Ну что тут было, вроде его корова в зад рогом кольнула. Кричит поросёнком резаным: «Издеваешься, старая!» А какая я тебе старая, говорю, я ещё передком горячая. А он совсем, как собака, рычит. Говорит: «Скотину со двора сведу!» Давай, говорю, действуй. У меня, как у цыгана – в одном кармане вошь на аркане, в другом – блоха на цепи. Ну, он пулей из дома выскочил. Ой, что теперь будет-то!
Кажется, первый раз в Товаркове смеялась открыто Евдокия Павловна. А она, оказывается, потешная, эта Мария Степановна! Ей бы жизнь полегче, посытнее, без потерь – она бы людям такую энергию несла своим смехом, как солнышко теплом начиняла. Не суждено ей, обидела жизнь, а всё равно не сдаётся…
– Ничего не будет, – сказала Евдокия Павловна сквозь смех.
– Нет-нет, ты меня зря успокаиваешь. Власть всё-таки. Разве зря он зубками скрыпел?
– Сточатся они у него.
– Верно говоришь? Хорошо бы, и то норовит в ляжку вцепиться.
Она помолчала, принесла из чулана чугунок со свёклой, поставила на стол.
– Хлеб-то подавать? – спросила со вздохом.
– А как же…
– Я думала, может быть, домой повезёшь…
– Плохо думала…
Они поужинали, и Мария Степановна сказала задумчиво:
– Неуж-то Сталин не знает? Вот бы ты ему письмецо нацарапала. Так мол и так, Ёсиф Виссарионыч, мытарится народишко, вчистую гибнет. Подкинь ты ему хлебушка, и он в трату державу не даст, как лошадь пахать будет!
Улеглась Евдокия Павловна пораньше с расчётом завтрашнего отъезда и сегодня уловила тонкий аромат сухого сена. Значит, матрац под ней мхом набит, так мягкую шелковистую траву, похожую на мелкий хвощ, называют в их местности. Растёт он на болотах, на зыбкой почве и источает какой-то сладкий аромат. И сон пришёл сладкий, успокаивающий, хоть и лили в душе холодные ливни.
…Утро было прозрачно-хмурым, на юго-западе вспухали тучи, и Евдокия Павловна подумала, что, может быть, наконец пойдёт дождь, ещё не всё упущено, отольёт посевы, напоит землю. Она быстро собралась, и наблюдавшая за ней Мария Степановна вдруг захлюпала носом, задёргала плечами.
– Вы что, Мария Степановна? – удивлённо спросила Сидорова.
– Опять одна остаюсь, – сквозь слёзы ответила Мария Степановна, и чувства нежности и жалости одновременно появились в душе Сидоровой. Две ночи провела Евдокия Павловна в этом доме, а впечатление такое – будто сто лет знает хозяйку. Видно, подкупила она своей судьбой, своей искренностью, открытым сердцем. Словно богаче становится тот человек, кто встретит вот такую женщину. В лихолетье они встретились, и чувствует Евдокия Павловна – надолго, на всю жизнь останутся в памяти эти дни.

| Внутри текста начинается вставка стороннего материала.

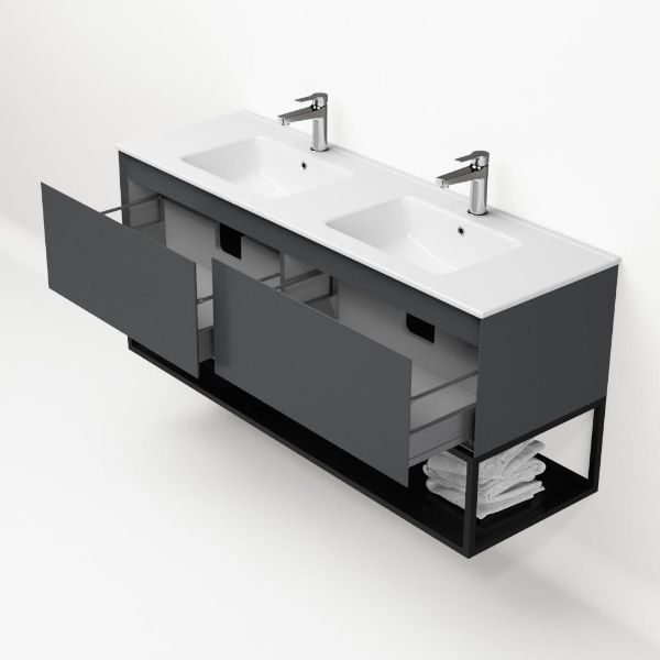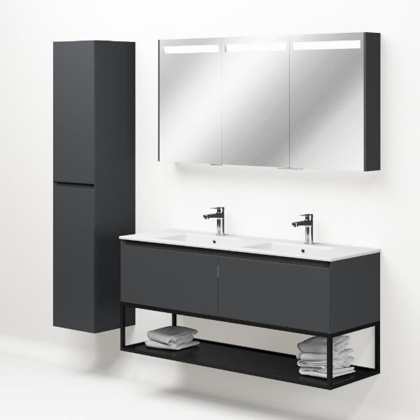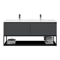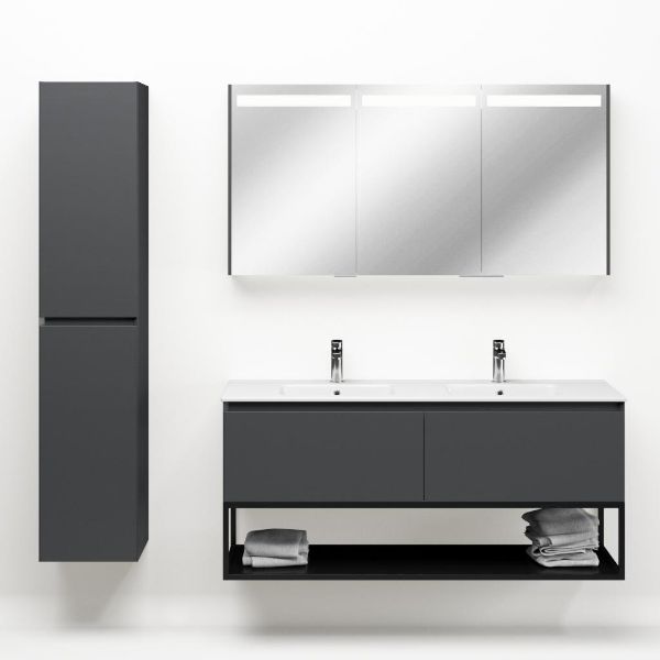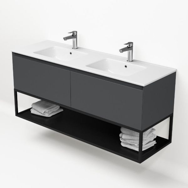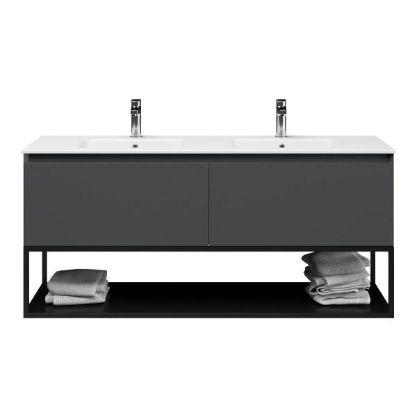 | Bellanti Solo/Tela/Etna badmeubel 140x46 2 softclose laden antraciet mat greeploos keramische wastafel dubbel wit met 2 kraangaten met mat zwart metalen frame |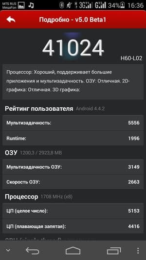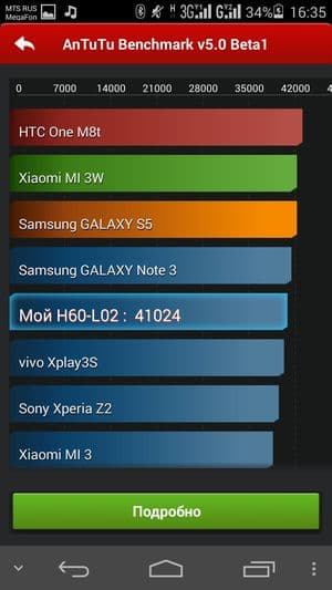 | AnTuTu (больше — лучше) | 41024 (v 5.0) | 31081 (v 4.x) | 25336 (v 4.x) | 26987 (v 4.x) |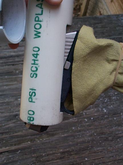Now insert a primered only case, put the pistol in the PVC holder, hold

– Ты вот что, – сквозь слёзы улыбнулась Мария Степановна, и улыбка эта не показалась вымученной, – когда ещё будешь в Товаркове – не пройди мимо. Прямо сразу ко мне, без председательского наряда.
Вышла на улицу Евдокия Павловна и снова покосилась на юго-запад: как там туча, движется или нет? Слово есть одно интересное у местных – «замолаживает» или нет. Туча замолаживала, росла, пучилась, и Евдокия Павловна усмехнулась – может быть, дошли мольбы до Всевышнего, расщедрится да пошлёт спокойный дождь на землю. Вспомнила она, как после революции, наверное, в двадцать первом году, видела она Крёстный ход в своей родной деревне. Просили люди у Бога дождя, исступлённо крестясь и припадая к иконам, а он словно забыл о своей пастве. Наверное, во имя дождя и к Богу, и к чёрту обратишься, лишь бы пролились дождевые струи на обессилевшую землю, наполнили её чрево здоровой силой.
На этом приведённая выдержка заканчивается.